> **WHAT NEEDS TO BE DONE**: From the entries below, copy exactly the lines from the one that contains "銀行金庫門為重點(diǎn)" through the one that contains "I have a 2000", both included, and only those.

[Data items]
##############################
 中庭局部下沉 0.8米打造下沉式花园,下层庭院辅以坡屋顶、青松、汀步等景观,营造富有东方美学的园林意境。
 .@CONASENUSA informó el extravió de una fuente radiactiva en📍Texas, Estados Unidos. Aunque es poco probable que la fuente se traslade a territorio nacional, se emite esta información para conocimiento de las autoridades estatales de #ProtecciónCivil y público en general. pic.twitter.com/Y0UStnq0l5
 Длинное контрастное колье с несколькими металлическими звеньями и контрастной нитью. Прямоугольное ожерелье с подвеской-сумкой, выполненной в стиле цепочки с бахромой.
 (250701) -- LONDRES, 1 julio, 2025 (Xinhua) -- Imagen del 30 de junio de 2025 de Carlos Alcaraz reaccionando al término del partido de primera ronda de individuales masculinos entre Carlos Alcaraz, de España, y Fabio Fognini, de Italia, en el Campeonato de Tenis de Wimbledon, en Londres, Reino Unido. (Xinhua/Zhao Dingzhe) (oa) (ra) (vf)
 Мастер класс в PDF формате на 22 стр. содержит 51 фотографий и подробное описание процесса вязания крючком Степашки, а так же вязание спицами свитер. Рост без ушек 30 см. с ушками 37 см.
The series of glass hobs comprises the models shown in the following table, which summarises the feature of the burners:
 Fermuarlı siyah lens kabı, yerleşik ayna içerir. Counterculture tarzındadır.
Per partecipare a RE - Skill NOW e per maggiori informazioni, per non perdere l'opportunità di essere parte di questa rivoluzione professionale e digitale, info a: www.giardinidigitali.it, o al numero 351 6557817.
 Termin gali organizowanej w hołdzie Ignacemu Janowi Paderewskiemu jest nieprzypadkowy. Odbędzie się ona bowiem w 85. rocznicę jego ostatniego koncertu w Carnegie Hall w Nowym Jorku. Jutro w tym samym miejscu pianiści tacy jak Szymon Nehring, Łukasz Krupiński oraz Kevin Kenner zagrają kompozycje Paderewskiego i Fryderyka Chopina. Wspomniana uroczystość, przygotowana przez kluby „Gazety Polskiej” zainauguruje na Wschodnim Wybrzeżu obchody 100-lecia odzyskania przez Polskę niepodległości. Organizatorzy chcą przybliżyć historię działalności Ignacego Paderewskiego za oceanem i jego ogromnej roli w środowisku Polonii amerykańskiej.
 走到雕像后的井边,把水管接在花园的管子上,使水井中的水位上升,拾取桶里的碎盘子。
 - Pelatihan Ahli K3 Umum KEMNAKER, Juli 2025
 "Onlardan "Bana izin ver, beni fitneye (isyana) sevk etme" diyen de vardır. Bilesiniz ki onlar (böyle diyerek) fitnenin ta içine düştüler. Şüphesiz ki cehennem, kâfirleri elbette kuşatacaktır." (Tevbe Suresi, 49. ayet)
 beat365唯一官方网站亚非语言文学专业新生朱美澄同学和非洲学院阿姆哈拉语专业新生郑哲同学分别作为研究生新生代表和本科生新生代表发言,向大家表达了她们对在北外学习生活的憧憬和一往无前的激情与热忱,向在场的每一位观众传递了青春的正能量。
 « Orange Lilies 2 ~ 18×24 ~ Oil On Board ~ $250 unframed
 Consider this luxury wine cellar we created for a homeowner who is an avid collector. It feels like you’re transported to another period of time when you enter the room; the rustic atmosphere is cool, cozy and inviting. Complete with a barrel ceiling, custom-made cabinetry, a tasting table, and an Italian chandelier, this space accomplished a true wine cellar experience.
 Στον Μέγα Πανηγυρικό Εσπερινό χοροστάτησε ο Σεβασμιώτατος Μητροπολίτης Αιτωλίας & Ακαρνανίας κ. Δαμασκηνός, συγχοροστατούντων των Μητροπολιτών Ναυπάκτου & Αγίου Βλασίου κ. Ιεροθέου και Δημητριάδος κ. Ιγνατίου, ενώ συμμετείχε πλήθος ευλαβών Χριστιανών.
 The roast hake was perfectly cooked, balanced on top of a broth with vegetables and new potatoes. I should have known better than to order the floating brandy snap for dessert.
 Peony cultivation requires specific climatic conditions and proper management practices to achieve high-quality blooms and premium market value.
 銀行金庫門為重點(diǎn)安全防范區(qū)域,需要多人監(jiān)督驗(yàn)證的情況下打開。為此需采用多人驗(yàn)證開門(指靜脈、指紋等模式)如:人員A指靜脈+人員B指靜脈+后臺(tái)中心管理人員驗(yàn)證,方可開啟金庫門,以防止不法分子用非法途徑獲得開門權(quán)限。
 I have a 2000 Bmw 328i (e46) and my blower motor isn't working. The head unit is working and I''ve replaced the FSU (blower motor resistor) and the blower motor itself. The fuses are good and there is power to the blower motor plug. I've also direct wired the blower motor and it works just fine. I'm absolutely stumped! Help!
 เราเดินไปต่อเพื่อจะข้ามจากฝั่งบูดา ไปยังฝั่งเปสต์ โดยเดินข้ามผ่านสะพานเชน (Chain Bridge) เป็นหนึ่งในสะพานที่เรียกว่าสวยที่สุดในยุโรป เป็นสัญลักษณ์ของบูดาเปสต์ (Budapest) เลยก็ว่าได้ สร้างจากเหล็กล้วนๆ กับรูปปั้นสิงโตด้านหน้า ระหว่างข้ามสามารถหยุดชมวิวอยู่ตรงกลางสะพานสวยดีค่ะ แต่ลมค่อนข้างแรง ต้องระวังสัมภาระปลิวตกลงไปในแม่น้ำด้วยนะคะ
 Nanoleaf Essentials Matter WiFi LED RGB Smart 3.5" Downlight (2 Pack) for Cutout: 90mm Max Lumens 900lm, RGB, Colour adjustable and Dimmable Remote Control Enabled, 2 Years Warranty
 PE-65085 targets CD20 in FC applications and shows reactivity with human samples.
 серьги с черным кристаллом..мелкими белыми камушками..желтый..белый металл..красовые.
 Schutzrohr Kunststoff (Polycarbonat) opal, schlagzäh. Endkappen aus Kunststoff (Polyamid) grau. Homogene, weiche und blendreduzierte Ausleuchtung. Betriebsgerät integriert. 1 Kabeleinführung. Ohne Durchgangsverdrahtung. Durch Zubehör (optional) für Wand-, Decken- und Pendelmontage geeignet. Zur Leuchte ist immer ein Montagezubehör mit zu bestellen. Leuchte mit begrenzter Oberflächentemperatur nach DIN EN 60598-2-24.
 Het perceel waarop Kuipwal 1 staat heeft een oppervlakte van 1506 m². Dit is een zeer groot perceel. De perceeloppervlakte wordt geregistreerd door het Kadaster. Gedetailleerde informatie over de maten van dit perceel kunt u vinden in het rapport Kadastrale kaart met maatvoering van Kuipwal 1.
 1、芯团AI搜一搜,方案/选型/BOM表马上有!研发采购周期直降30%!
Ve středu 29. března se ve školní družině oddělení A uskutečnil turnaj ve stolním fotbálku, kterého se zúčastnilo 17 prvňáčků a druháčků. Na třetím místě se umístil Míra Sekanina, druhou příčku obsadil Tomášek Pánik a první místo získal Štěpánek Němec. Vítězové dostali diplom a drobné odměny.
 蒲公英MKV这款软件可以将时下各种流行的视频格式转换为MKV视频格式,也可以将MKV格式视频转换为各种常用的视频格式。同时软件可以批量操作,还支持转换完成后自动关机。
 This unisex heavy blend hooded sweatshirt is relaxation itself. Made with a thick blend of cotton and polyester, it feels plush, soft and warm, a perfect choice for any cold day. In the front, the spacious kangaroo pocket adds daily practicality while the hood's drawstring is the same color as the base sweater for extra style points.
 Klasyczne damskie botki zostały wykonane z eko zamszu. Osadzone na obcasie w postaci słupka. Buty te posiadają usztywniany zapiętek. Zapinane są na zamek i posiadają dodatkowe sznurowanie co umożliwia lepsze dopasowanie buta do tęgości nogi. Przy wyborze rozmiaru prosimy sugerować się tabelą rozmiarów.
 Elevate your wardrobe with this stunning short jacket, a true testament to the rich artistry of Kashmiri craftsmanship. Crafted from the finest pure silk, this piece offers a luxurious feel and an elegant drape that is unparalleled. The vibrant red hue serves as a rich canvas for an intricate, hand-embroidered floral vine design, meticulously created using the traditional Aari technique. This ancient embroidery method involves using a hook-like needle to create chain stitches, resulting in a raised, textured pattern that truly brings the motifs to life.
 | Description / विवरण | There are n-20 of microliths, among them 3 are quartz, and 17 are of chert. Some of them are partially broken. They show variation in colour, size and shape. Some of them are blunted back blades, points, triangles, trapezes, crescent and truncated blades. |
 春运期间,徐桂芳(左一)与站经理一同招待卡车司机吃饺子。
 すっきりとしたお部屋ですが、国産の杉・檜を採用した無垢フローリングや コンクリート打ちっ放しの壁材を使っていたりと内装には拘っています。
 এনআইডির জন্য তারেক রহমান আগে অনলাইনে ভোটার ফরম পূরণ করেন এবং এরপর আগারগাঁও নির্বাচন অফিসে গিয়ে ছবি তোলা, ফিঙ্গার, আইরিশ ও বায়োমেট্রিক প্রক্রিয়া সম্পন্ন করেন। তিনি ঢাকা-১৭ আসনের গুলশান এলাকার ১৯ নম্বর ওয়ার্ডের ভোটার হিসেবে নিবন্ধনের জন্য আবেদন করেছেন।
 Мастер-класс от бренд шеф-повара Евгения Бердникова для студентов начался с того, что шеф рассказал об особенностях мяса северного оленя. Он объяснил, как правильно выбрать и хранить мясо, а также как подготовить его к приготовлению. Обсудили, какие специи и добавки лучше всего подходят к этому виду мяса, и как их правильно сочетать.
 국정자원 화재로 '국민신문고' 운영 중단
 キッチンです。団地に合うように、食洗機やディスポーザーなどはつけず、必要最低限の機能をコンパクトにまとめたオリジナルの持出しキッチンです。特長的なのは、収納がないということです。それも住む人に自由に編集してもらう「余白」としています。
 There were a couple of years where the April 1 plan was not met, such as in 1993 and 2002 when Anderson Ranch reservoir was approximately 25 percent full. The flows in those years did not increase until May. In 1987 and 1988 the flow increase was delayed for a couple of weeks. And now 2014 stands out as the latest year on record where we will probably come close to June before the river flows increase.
##############################
> **SOLVED EXERCISE**:
 銀行金庫門為重點(diǎn)安全防范區(qū)域,需要多人監(jiān)督驗(yàn)證的情況下打開。為此需采用多人驗(yàn)證開門(指靜脈、指紋等模式)如:人員A指靜脈+人員B指靜脈+后臺(tái)中心管理人員驗(yàn)證,方可開啟金庫門,以防止不法分子用非法途徑獲得開門權(quán)限。
 I have a 2000 Bmw 328i (e46) and my blower motor isn't working. The head unit is working and I''ve replaced the FSU (blower motor resistor) and the blower motor itself. The fuses are good and there is power to the blower motor plug. I've also direct wired the blower motor and it works just fine. I'm absolutely stumped! Help!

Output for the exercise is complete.